2026-04-26 05:05:54 +00:00
parent 87bb20b8f0 11fe32f4c6
commit 68fcdc6122
7 changed files with 185 additions and 51 deletions
--- a/.ai/CURRENT_TASK.md
+++ b/.ai/CURRENT_TASK.md
@@ -1,21 +1,28 @@
 # CURRENT_TASK.md

+**Task:** Land PR #153 — fix the AssistantChatPage prefill `currentChatRef` bug that silently dropped AI follow-up responses in the task lane.
+
+**Status:** in-progress (CI running on rebased branch)
+
+**Definition of Done:**
+- [ ] PR #153 (`fix/tasklane-prefill-ref`) CI green on the rebased SHA `1559feb`. Backend, frontend, and e2e all pass.
+- [ ] PR #153 merged into `main`.
+- [ ] User-visible verification: from the dashboard, type a prefill, answer a subset of task-lane questions, click *Send N of M Responses* — AI follow-up renders.
+
+**Assumptions:**
+- Rebasing onto post-#150 main pulls in the workflow fixes (no host-port mapping for postgres, no upload-artifact step), so the prior CI failures on this PR are resolved structurally.
+- The new e2e regression spec (`frontend/e2e/assistant-chat-prefill.spec.ts`) doesn't depend on Anthropic — it uses `page.route` to stub `/ai-sessions/*/chat` deterministically, so it should be CI-stable.
+
+**Out of scope (deferred to TODO):**
+- Hardening the `currentChatRef.current !== sentForChatId` silent-return pattern across `handleSend`, `handleTaskSubmit`, `selectChat`, `refreshFacts`, `refreshActiveFix`, `refreshPreview`. PR #153 fixes the specific symptom; the broader audit is its own task in `TODO.md`.
+- Promoting `CI / e2e (pull_request)` to required on `main`. Holding off until two consecutive green PR runs (PR #150 was one; PR #153's run will be the second if it passes).
+
+## Previous task — closed out
+
 **Task:** Land consolidated CI-recovery PR #150 and lock reliable CI gates on `main`.

-**Status:** in-progress
+**Status:** complete (2026-04-26).

-**Definition of Done:**
- [ ] PR #150 (`fix/ci-workflow-config`) merged. `CI / backend (pull_request)`, `CI / frontend (pull_request)`, and `CI / e2e (pull_request)` show success before merge.
- [ ] `CI / backend (pull_request)` added to required status checks on `main` in Gitea branch protection (frontend is already required).
- [ ] Optional: `CI / e2e (pull_request)` confirmed clean across at least one PR run and added to required checks.
-
-**Assumptions:**
- The 8-core homelab Gitea Actions runner can support `-n auto` (8 xdist workers).
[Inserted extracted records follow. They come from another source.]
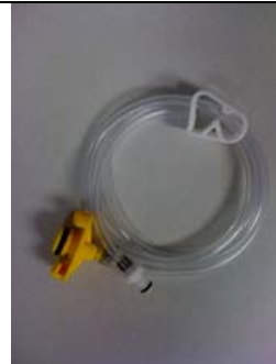
10cc Syringe ADAPTER 0009
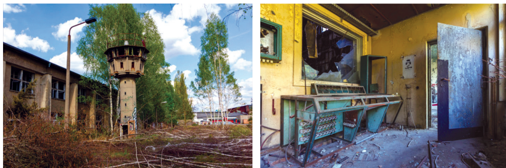
Fig. 1. Former airfield in Johannisthal. The place is a subject of interest of photographers and graffiti artists

During the First World War the airport in Johannisthal was used by military and for aircraft production. In 1912 the German Experimental Institute (DVL-Deutsche Versuchsanstalt für Luftfahrt) was established and the airport became an important place where research was conducted. 1919 was very significant for the airport history too, because then the Deutsche Luft-Reederei (German airline, Lufthansa’s predecessor) began its first post and passenger flights there. Passenger traffic was moved from Johannisthal to Berlin when the new airport
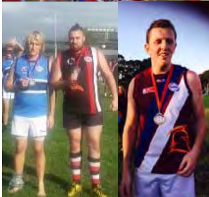
Best player medals were awarded to all Under 18, Reserves and Senior players in celebration of the inaugural 7NEWS Round.
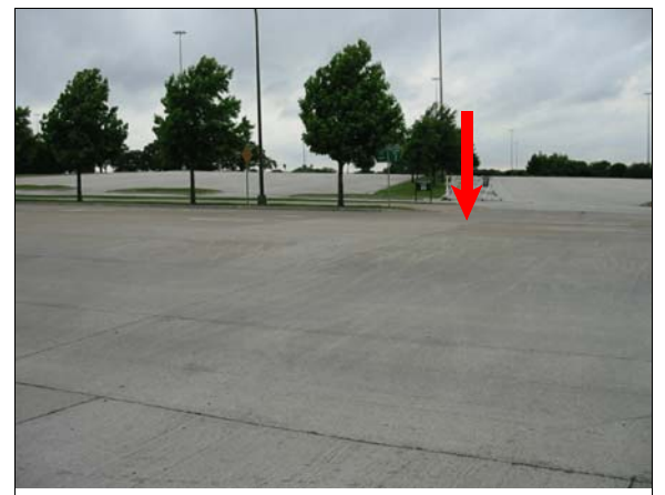
Figure 5: Overview of trees on southwest corner of intersection and parking lot driveway case vehicle was attempting to enter is on right, arrow shows case vehicle's area of final rest
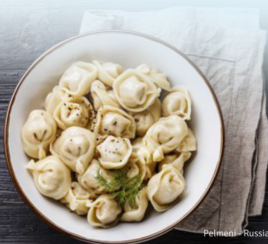
Pelmeni - Russian dumplings

Try also one of our destination specialists' favourite Russian street foods - shashlik - a meat skewer.
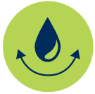
Water Proof Dressing
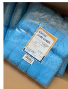
Shoe Covers $.37/ea

W.H. Cooke & Co., Inc. 6868 York Rd, Hanover, PA 17331 717-630-2222
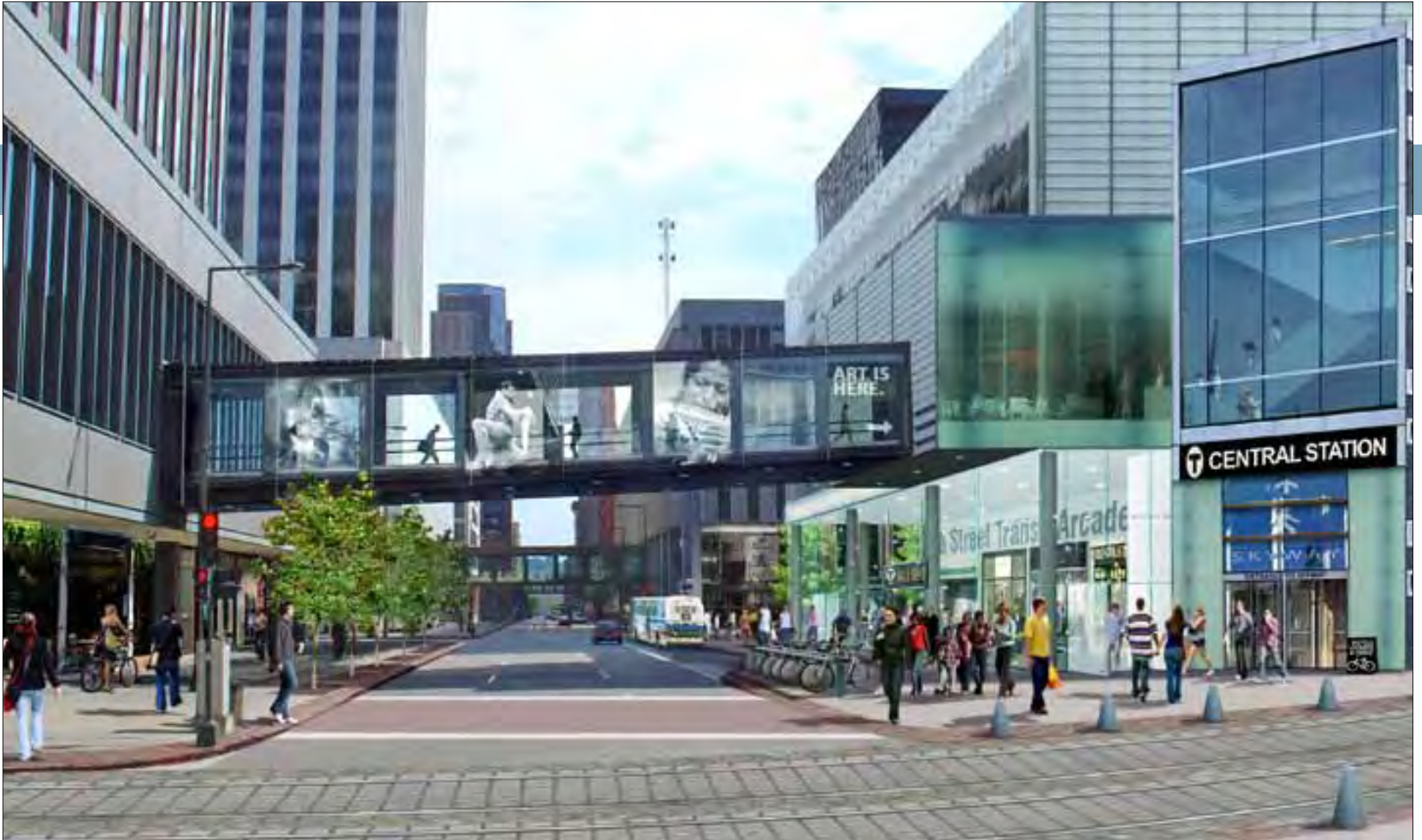
Figure 3.2 A transformed 5th Street edge with the new station integrated into the redevelopment.

The redevelopment of the Central Station block represents a tremendous opportunity to create a positive transit environment that better connects bus and LRT operations. In this illustration, a generous atrium links the LRT station with bus stops on Cedar and Minnesota. Integrating modes of transit through the redevelopment of a block such as this will help break down perceived differences between modes, encourage greater levels of street activity, and create an active, safe environment for transit users.
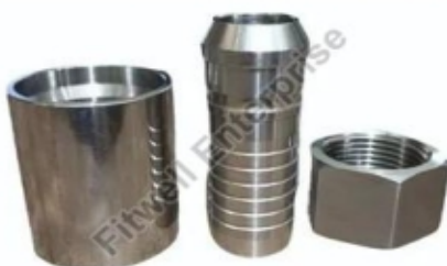
Hydraulic Hose Assemblies
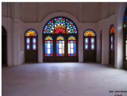
Figure (3): Tabataba'ees' House, source: the author

Sharden, the French voyager, travelled to Iran in Safavid era and meanwhile writing expositions about the houses and their decorations states that “the windows for the ordinary people’s homes are made of sycamore tree wood but the windows for the aristocrats and the noblemen’s homes is made of lattice-like wooden frames in each of the lattices there is installed and inserted a colorful small glass and these as a whole give birth to a beautiful figure... their window frames is either installed with glass or transparent plasters which also have beautiful shapes and figures carved on them and at the same time they let a lot of light to be passing through (5).

If memory pressure shows up in CI, drop to `-n 4`.
- pytest-cov's xdist support continues to handle the coverage merge and `--cov-fail-under=50` check correctly.
- The per-worker DB creation in `conftest.py` is idempotent and racing workers on first import won't all try to CREATE DATABASE simultaneously — postgres serializes that, but if it surfaces issues, wrap with an advisory lock.
-
-**Out of scope:**
- Frontend lint warnings (23 remain after #149).
- The 23 react-hooks/exhaustive-deps warnings.
- RLS test suite (gated behind `RUN_RLS_TESTS=1`; not in default CI).
- Per-test transactional rollback (would shave another 30-40% off backend time but is a much bigger refactor — capture in TODO if interested).
+- PR #150 merged as commit `87bb20b` on `main`. Backend, frontend, and e2e all green on the merge SHA.
+- `CI / backend (pull_request)` added to required status checks on `main` (alongside the pre-existing `CI / frontend (pull_request)` requirement).
+- `CI / e2e (pull_request)` left as not-required pending one more green PR run.
--- a/.ai/HANDOFF.md
+++ b/.ai/HANDOFF.md
@@ -2,63 +2,54 @@

 # HANDOFF.md

-**Last updated:** 2026-04-25 16:41 EDT
+**Last updated:** 2026-04-26 03:50 EDT

-**Active task:** Land PR #150 (the consolidated CI-recovery PR), then enable backend and eventually e2e gates on `main`. See [CURRENT_TASK.md](CURRENT_TASK.md).
+**Active task:** Ship PR #153 — the AssistantChatPage prefill `currentChatRef` bug fix. See [CURRENT_TASK.md](CURRENT_TASK.md).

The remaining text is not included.